▶ [ASSIGNMENT]
Note on the material below: return exactly the lines from the line that holds "NINKI コンパチブル Google" through the line that holds "Camberwell. Ada and", and leave out each picture.

▶ [INPUT MATERIAL]
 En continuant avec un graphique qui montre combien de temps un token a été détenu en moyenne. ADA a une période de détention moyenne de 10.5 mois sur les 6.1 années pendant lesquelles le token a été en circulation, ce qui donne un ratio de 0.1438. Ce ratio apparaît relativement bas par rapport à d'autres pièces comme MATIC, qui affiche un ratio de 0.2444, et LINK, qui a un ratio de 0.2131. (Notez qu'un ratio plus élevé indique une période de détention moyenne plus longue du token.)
--
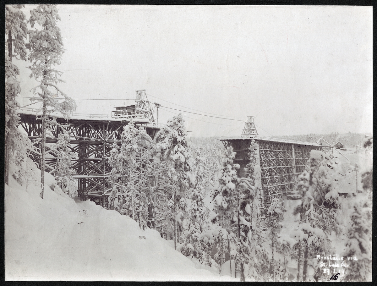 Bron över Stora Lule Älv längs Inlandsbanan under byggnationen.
* * *
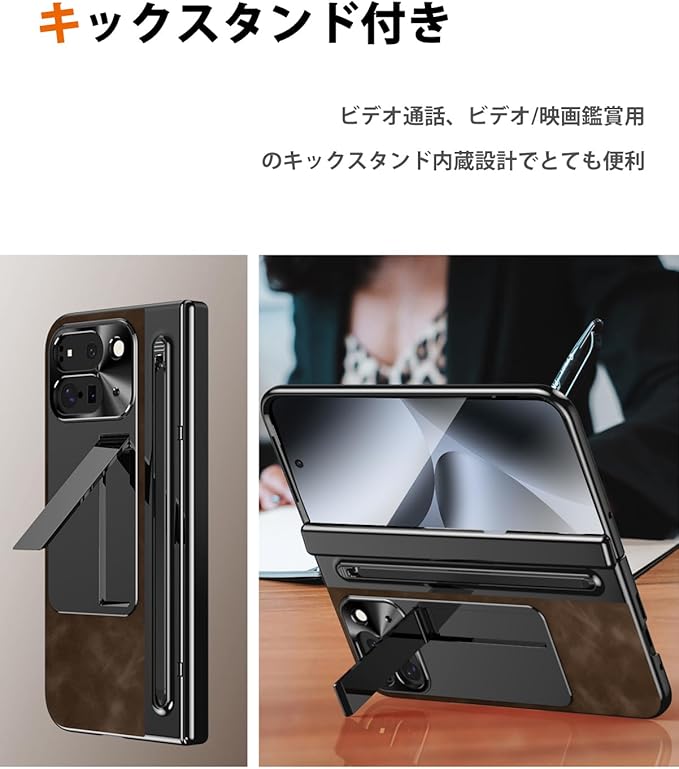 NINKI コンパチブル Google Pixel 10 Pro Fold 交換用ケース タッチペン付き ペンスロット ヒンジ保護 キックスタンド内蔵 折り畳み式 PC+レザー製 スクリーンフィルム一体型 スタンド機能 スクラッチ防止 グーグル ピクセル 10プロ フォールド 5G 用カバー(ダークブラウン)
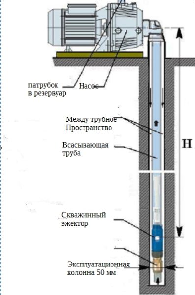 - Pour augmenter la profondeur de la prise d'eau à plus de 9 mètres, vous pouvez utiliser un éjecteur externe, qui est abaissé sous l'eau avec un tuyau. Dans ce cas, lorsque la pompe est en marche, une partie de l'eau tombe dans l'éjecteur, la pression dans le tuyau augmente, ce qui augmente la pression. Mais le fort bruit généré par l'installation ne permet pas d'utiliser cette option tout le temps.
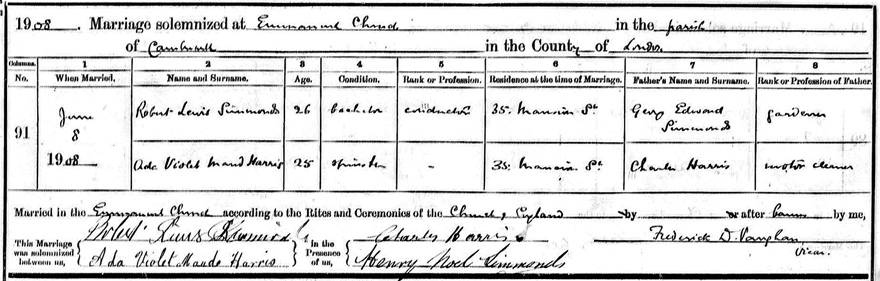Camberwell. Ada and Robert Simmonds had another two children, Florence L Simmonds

▶ [ANSWER TO THE EXERCISE]
 NINKI コンパチブル Google Pixel 10 Pro Fold 交換用ケース タッチペン付き ペンスロット ヒンジ保護 キックスタンド内蔵 折り畳み式 PC+レザー製 スクリーンフィルム一体型 スタンド機能 スクラッチ防止 グーグル ピクセル 10プロ フォールド 5G 用カバー(ダークブラウン)
 - Pour augmenter la profondeur de la prise d'eau à plus de 9 mètres, vous pouvez utiliser un éjecteur externe, qui est abaissé sous l'eau avec un tuyau. Dans ce cas, lorsque la pompe est en marche, une partie de l'eau tombe dans l'éjecteur, la pression dans le tuyau augmente, ce qui augmente la pression. Mais le fort bruit généré par l'installation ne permet pas d'utiliser cette option tout le temps.
Camberwell. Ada and Robert Simmonds had another two children, Florence L Simmonds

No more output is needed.